— INPUT DATA —
==================================================

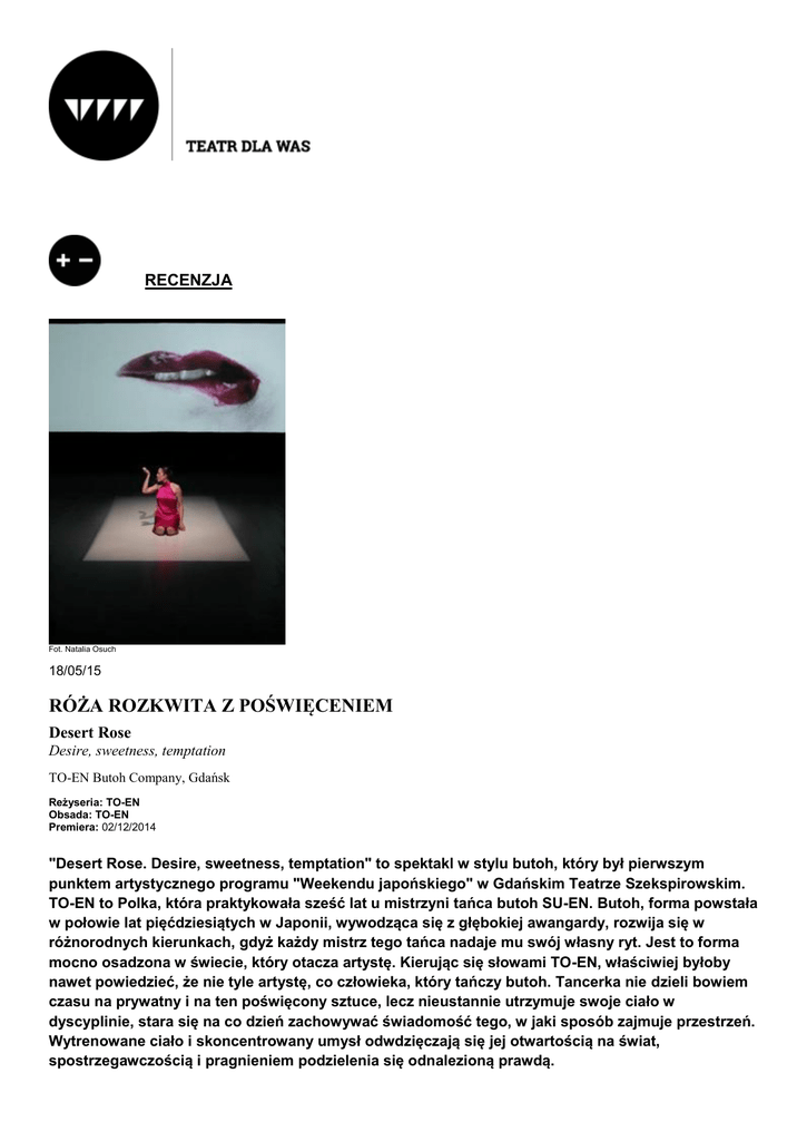 RECENZJA Fot. Natalia Osuch 18/05/15 RÓŻA ROZKWITA Z POŚWIĘCENIEM Desert Rose Desire, sweetness, temptation TO-EN Butoh Company, Gdańsk Reżyseria: TO-EN Obsada: TO-EN Premiera: 02/12/2014 "Desert Rose. Desire, sweetness, temptation" to spektakl w stylu butoh, który był pierwszym punktem artystycznego programu "Weekendu japońskiego" w Gdańskim Teatrze Szekspirowskim. TO-EN to Polka, która praktykowała sześć lat u mistrzyni tańca butoh SU-EN. Butoh, forma powstała w połowie lat pięćdziesiątych w Japonii, wywodząca się z głębokiej awangardy, rozwija się w różnorodnych kierunkach, gdyż każdy mistrz tego tańca nadaje mu swój własny ryt. Jest to forma mocno osadzona w świecie, który otacza artystę. Kierując się słowami TO-EN, właściwiej byłoby nawet powiedzieć, że nie tyle artystę, co człowieka, który tańczy butoh. Tancerka nie dzieli bowiem czasu na prywatny i na ten poświęcony sztuce, lecz nieustannie utrzymuje swoje ciało w dyscyplinie, stara się na co dzień zachowywać świadomość tego, w jaki sposób zajmuje przestrzeń. Wytrenowane ciało i skoncentrowany umysł odwdzięczają się jej otwartością na świat, spostrzegawczością i pragnieniem podzielenia się odnalezioną prawdą. Spektakl "Desert Rose" jest twórczą medytacją nad fenomenem pustynnej róży, kwiatu, który rozkwita nikomu niepotrzebnym – bo niedocenionym przez ludzkie oko – pięknem, po czym szybko ginie w ekstremalnie trudnych dla siebie warunkach. Tancerka wychodzi od tego egzotycznego motywu, jednak będąc osobą żyjącą uważnie tu i teraz, osadza ten obraz w świecie popkultury. Impulsem do stworzenia "Desert Rose" było zetknięcie z dziełami fotografika Davida LaChapelle'a, bacznego obserwatora świata popkultury. Sztuka TO-EN jest bardzo trudna w odbiorze, gdyż artystka wystawia widza na kontakt z przytłaczającą rzeczywistością. Wszechobecny obraz ciała, stylistyka glamour, kultura billboardu to nasza codzienność, która ukazana na scenie, przygniata. Kiedy zmuszeni jesteśmy skupić się na tym, co zwykle stanowi jedynie tło – obserwowane kątem oka reklamy, okładki czasopism, stylizacje mijanych na ulicy osób – nagle zaczynamy odbierać tę rzeczywistość jako warunki ekstremalne, jako naszą pustynię. Na całkiem pustej scenie TO-EN wystawia publiczność na działanie rażących świateł, głośnej muzyki w industrialnym stylu, tła i kostiumu w odcieniu agresywnego różu, ocierającego się o wulgarność video, czyli tego, co przywykliśmy omiatać wzrokiem. W tej wizji świata nie brakuje nawet gratisu dla każdego, słodkiej, ślicznej cukrowej różyczki w szeleszczącym celofanie, z kuszącą etykietką. Śmiało, spróbuj, jaka dobra. Nie widzisz, że jest doskonała? W tańcu TO-EN widać połączenie przeciwieństw. Każdy mikroruch ma znaczenie, a jednocześnie ciało działa w pewnym stopniu automatycznie, przedstawiając swoją własną prawdę. Nie chodzi ani o samo piękno, ani o popisy sprawności fizycznej. Obrazy nie są jednoznaczne, można je odczytać w różny sposób. Mnie umysł nie pozwolił oderwać się od doszukiwania się fabuły – w samym tańcu ujrzałam kolejno: zapuszczanie korzeni, grozę bliskiej śmierci i rozchylanie się kwiatu. Wyraźnych nawiązań do zachowań zwierząt i człowieka na poziomie racjonalnym nie udało mi się uporządkować, nie przeszkadzało to jednak, by te obrazy zadziałały równie mocno. Drgania powiek, ruch gałek ocznych, języka, dłoni, ułożenie stóp – całe ciało artystki to ciało z poświęceniem przekazujące treści, lecz równocześnie ciało z poświęceniem odbierające bodźce. Spektakl został dobrze rozplanowany w przestrzeni i w czasie. Silna ekspresja przeplatała się z momentami wyciemnienia i bierności, dzięki czemu emocje w widzach narastały stopniowo, w rzeczywiście imponującej skali, aż po chwile fizycznego strachu i chęci ucieczki. Potrzeba prawdziwego kunsztu, by z obserwacji mogącej się wydawać banalną, oraz z egzotycznego (kiczowatego?) obrazu pustynnej róży stworzyć tak mocną formę. I to formę, która ofiarowuje oczyszczającą treść. Recenzja spektaklu TO-EN Butoh Company pokazanego w Gdańskim Teatrze Szekspirowskim podczas "Weekendu japońskiego". http://www.gazetaswietojanska.org/index.php?id=2&t=1&page=50858 autor tekstu: Małgorzata Bierejszyk
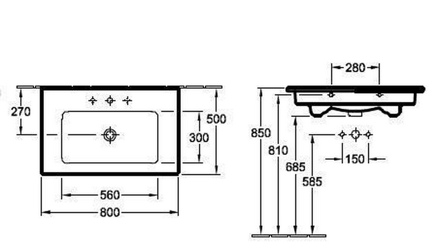 Раковина 800х500мм, 1 отв. д/смес., с переливом, для установки с мебелью (цв. R1 white cer+), Venticello ZZ
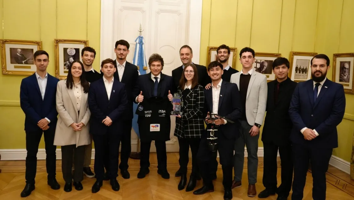 El Presidente Milei recibió al equipo argentino campeón del Mundial 2025 de la Competencia Internacional de Ingeniería Aeroespacial (CanSat), organizado por la AAS y respaldado por la NASA.
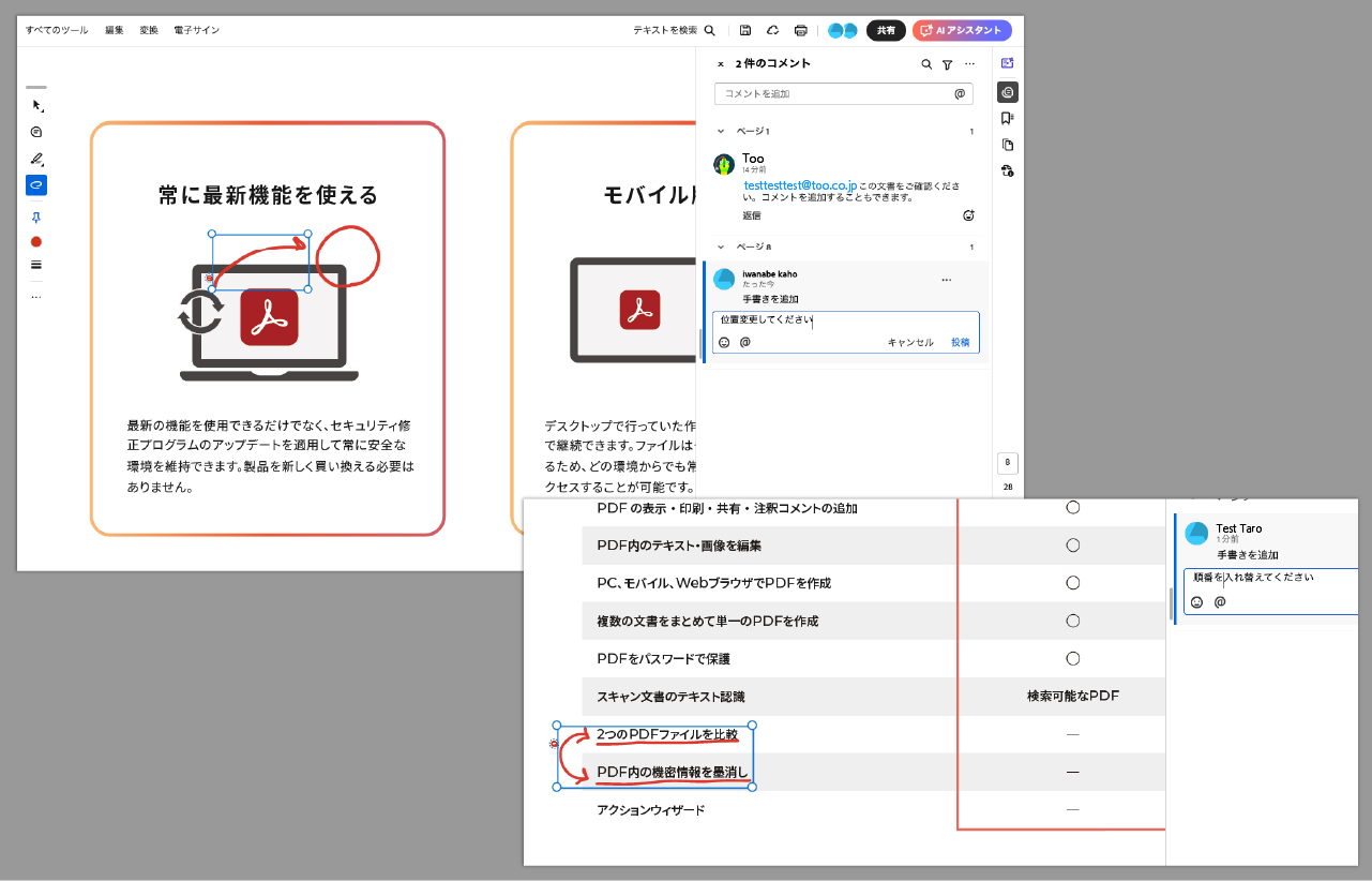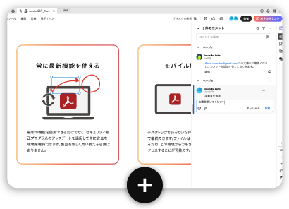 普段お使いのAcrobat ProからシームレスにPDFをアップロード、複数人でコメントを記入できます。デスクトップアプリ、モバイルアプリ、Webブラウザからもアクセス可能で、デバイスや場所に捉われずに作業できます。

==================================================

— WHAT IS NEEDED —
Starting at the line that contains "Раковина 800х500мм, 1", retype each line through the end of the data exactly, and leave out every picture.

— THE ANSWER —
 Раковина 800х500мм, 1 отв. д/смес., с переливом, для установки с мебелью (цв. R1 white cer+), Venticello ZZ
 El Presidente Milei recibió al equipo argentino campeón del Mundial 2025 de la Competencia Internacional de Ingeniería Aeroespacial (CanSat), organizado por la AAS y respaldado por la NASA.
 普段お使いのAcrobat ProからシームレスにPDFをアップロード、複数人でコメントを記入できます。デスクトップアプリ、モバイルアプリ、Webブラウザからもアクセス可能で、デバイスや場所に捉われずに作業できます。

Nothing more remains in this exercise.